There are some exceptions to this, of course. Food supplies are going to be very important; millions of refugees from the cities will need to be fed, and the normal distribution networks will have collapsed. Expect areas that grow staples, like wheat and root vegetables, to be a lot higher up the list. Any town with major food-processing industries is also going to be a priority, and so are transport hubs. Unless these places get restored to normal as fast as possible, all other efforts are basically pointless. Even if FEMA saves the survivors from the major cities, they’ll all starve to death when winter hits. So, if you have a big food-canning plant down the road, expect rescue services to be on the scene very soon after the disaster. The government will want to get life back to something near enough normal that people are willing to go back to work.
On the other hand, if you live in a rural area and the big local crops are tobacco, cotton or anything else that can’t be shipped to the cities and eaten, you’re going to be on your own for a while. Part of that is hard-headed realism from the government; your area isn’t critical to rebuilding the nation and there aren’t all that many people in it, so you’re going to have to wait. Then again, another big part of it is sort of a compliment – the government know that people in rural areas won’t need help all that urgently. If you’re already pretty self-reliant you’re better placed to get through a crisis. You probably grow some of your own food, you know how to hunt and you might even have your own water supply and generator; you can take care of yourself for a while and let the feds get on with rescuing the city folk.

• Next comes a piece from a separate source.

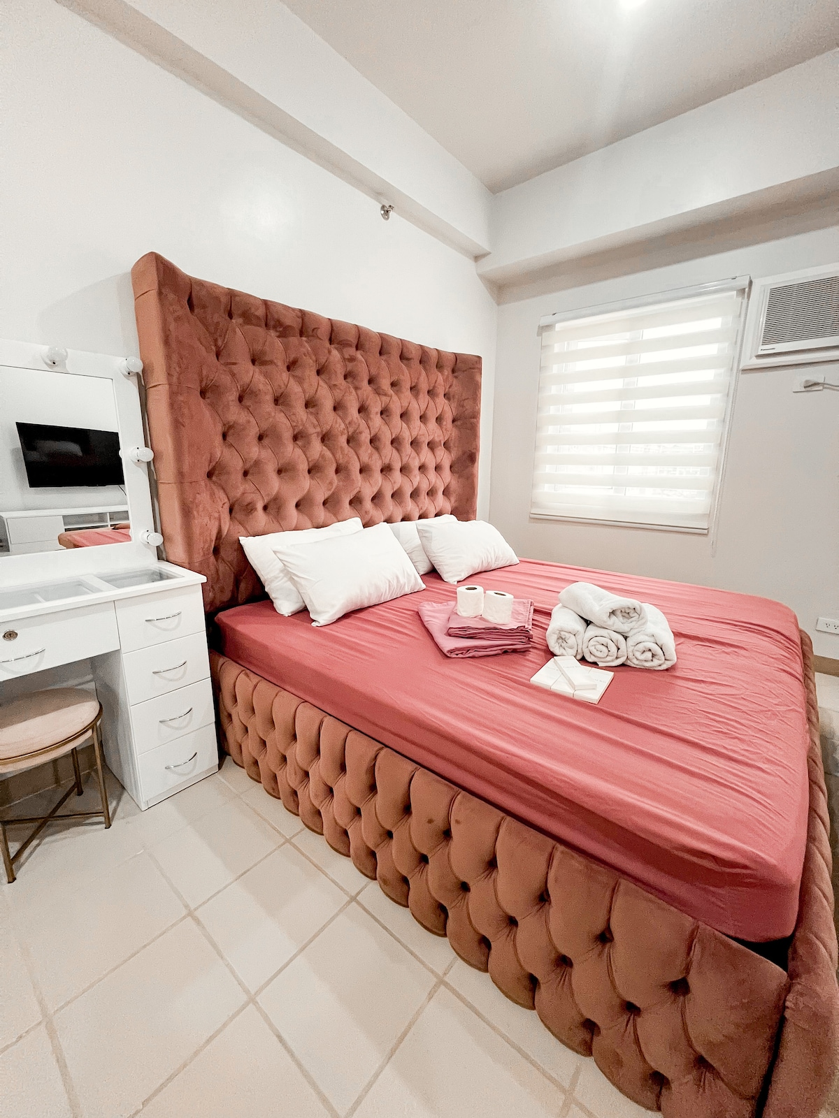 ✔️Queensize-Doppelbett ✔️Arbeits-/Aufenthaltsraum ✔️Luftmatratze ✔️Extra Matratze ✔️Badezimmer mit Duschheizung und Bidet ✔️58-Zoll Smart-Fernseher mit Netflix im Wohnbereich ✔️32-Zoll Smart-Fernseher Netflix im Schlafzimmer 1 ✔️Schnelles Internet, ideal für die Einrichtung von WFH ✔️Kartenspielen/Brettspiel ✔️Buchen ✔️Mini-Karaoke ✔️Esstisch & Stühle ✔️Komplettes Küchen- und Essgeschirr ✔️Espressomaschine ✔️Mixer ✔️Mikrowelle ✔️Kühlschrank ✔️Waschmaschine (nur für Langzeitgebrauch, 5 Tage ⬆️) ✔️Lebensmittelwagen ✔️Zwei Klimaanlagen ✔️Wasserkocher ✔️Reiskocher ✔️Induktionsherd

The exact details of what’s happened will affect these priorities, but in general they’re pretty reliable: The first targets for federal resources will be the big cities, especially on the coasts, and anywhere that produces vital resources. That will be followed by places that have other important industries, then smaller towns, with rural areas at the back of the line. In other words, the same way the government always sets its priorities.